Happy Thursday! We’d like to give a special shout out to Uncle Sadegh, a taxi driver in the coastal city of Rasht, Iran. Well-known locally for posting videos on social media of himself dancing jubilantly in the streets of his city, the Iranian regime shut down his account—apparently because it was … too happy.
Quick Hits: Today’s Top Stories
- COP28, the United Nations’ two-week climate change conference in Dubai, United Arab Emirates, concluded on Wednesday with an agreement from the nearly 200 countries represented to “transition away” from fossil fuels—the first time the meeting has resulted in an explicit call to end the use of the resources. More than half of the parties at the conference lobbied for stronger language in the final text—a promise to “phase out” fossil fuels—but met resistance from countries part of the Organization of the Petroleum Exporting Countries (OPEC). The agreement has no enforcement mechanism.
- The Federal Reserve held interest rates steady following the central bank’s meeting on Wednesday, maintaining a target range for the federal funds rate between 5.25 and 5.5 percent and marking the third consecutive meeting that the Fed has left rates unchanged. Officials signaled that rate cuts could come next year as inflation continues to cool, prompting a rally in the markets that resulted in the Dow Jones Industrial Average closing at an all-time high. Members of the central bank’s Federal Open Markets Committee projected that the federal funds rate would be 4.6 percent by the end of next year, suggesting three quarter-point cuts in 2024. Fed Chair Jerome Powell emphasized the need to proceed carefully, but also signaled that the central bank is focused on the risk of not cutting rates soon enough and slowing the U.S. economy more than necessary. “We’re aware of the risk that we would hang on too long,” he said at a press conference yesterday. “We know that that’s a risk and we’re very focused on not making that mistake.”
- The Supreme Court announced Wednesday it will take up a case to decide whether rioters who breached the Capitol on January 6, 2021, can be charged with obstruction of an official proceeding—referring to efforts to prevent Congress from certifying the results of the 2020 election. The charge is among the four charges against former President Donald Trump in special counsel Jack Smith’s case in Washington, D.C. More than 300 people are facing such an obstruction charge, which defendant Joseph Fischer is challenging, related to the January 6 insurrection.

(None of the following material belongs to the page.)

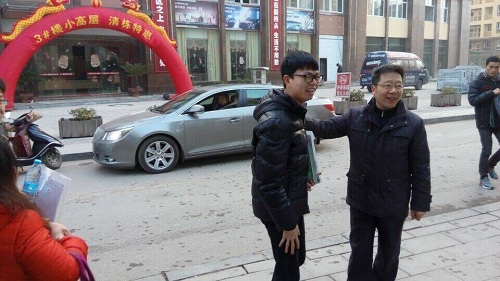 送考老师们陪同学生一同去往考点,带同学们熟悉考场,感受考前气氛。严平见几位考生面色凝重紧张不已,笑着给大家加油打气,并提醒检查好自己的准考证身份证及必要文具等。刘新强安慰考生多给自己一些良好的自我暗示、自我鼓励,暗示自己这次考研肯定行、肯定能考好,紧张的情绪可以得到缓解。老师们不断为考生们鼓励加油,缓解他们考试前的紧张心理,直到目送他们进入考场。在一片加油声中,临近九点,大家信心满满地进入考场。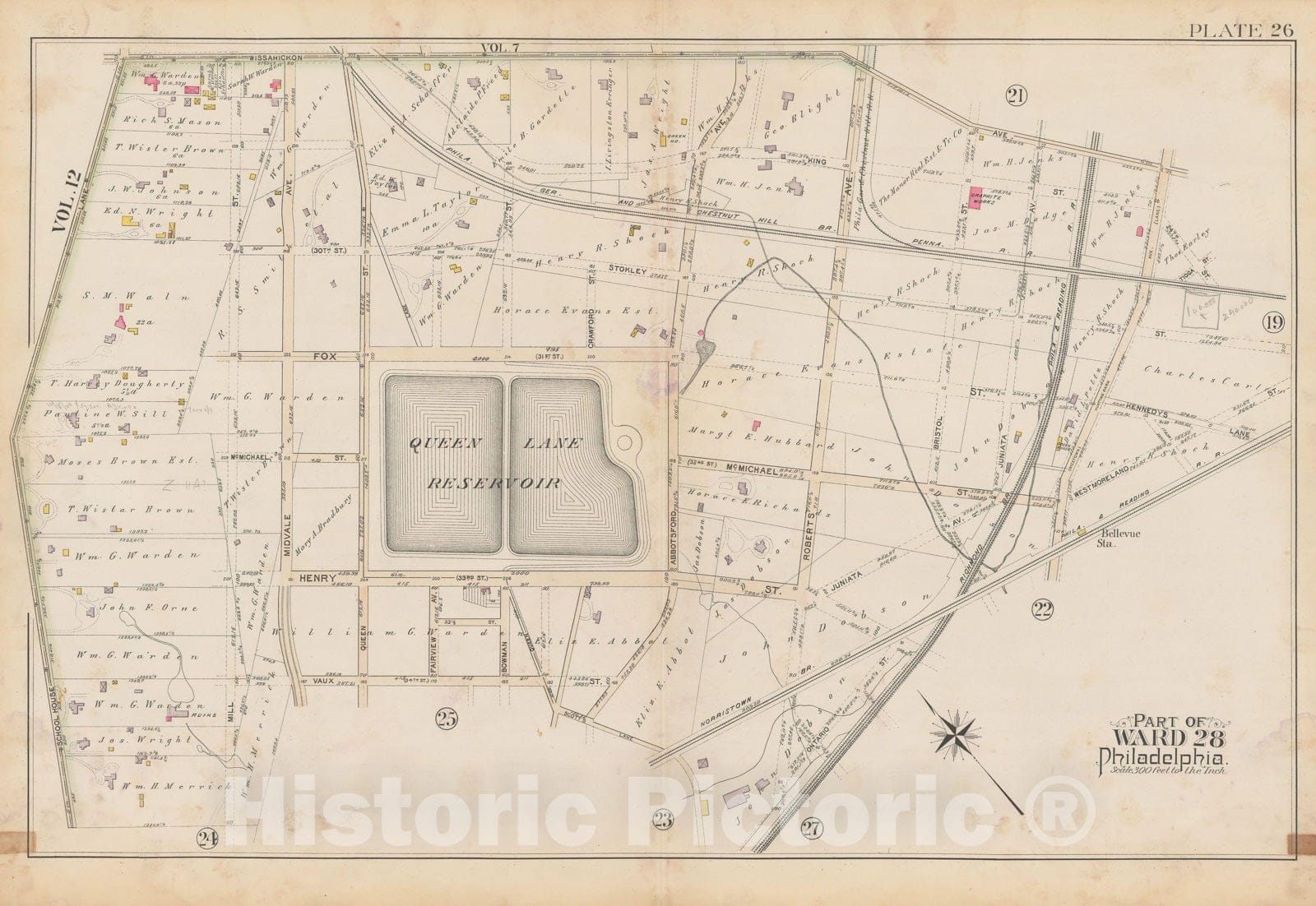 • .Historic Map : City of Philadelphia, 28th 32nd & 37th Wards, Vol. 6, Second Ed., Philadelphia 1894 Plate 026 , Vintage Wall Art

- The Supreme Court also said it would hear a Biden administration challenge to a Fifth Circuit Court of Appeals ruling limiting access to the abortion pill mifepristone. The Fifth Circuit had previously ruled that the Food and Drug Administration (FDA) did not follow proper procedures when it began expanding access to the drug originally approved some 20 years ago, suggesting the court’s ruling could also have implications for the FDA’s regulatory powers.
- Federal Judge Tanya Chutkan on Wednesday paused proceedings in former President Donald Trump’s case regarding his efforts to overturn the 2020 election while he appeals a decision regarding his immunity. “As the D.C. Circuit recently made clear, a former President’s absolute immunity would constitute ‘an entitlement not to stand trial or face the other burdens of litigation,’” Chutkan wrote in her order, adding that, if the case was returned to her court, she would consider, “consistent with its duty to ensure both a speedy trial and fairness for all parties.” Part of that consideration would be whether to keep any deadlines thus far established, including a trial start date scheduled for March 4, the day before Super Tuesday.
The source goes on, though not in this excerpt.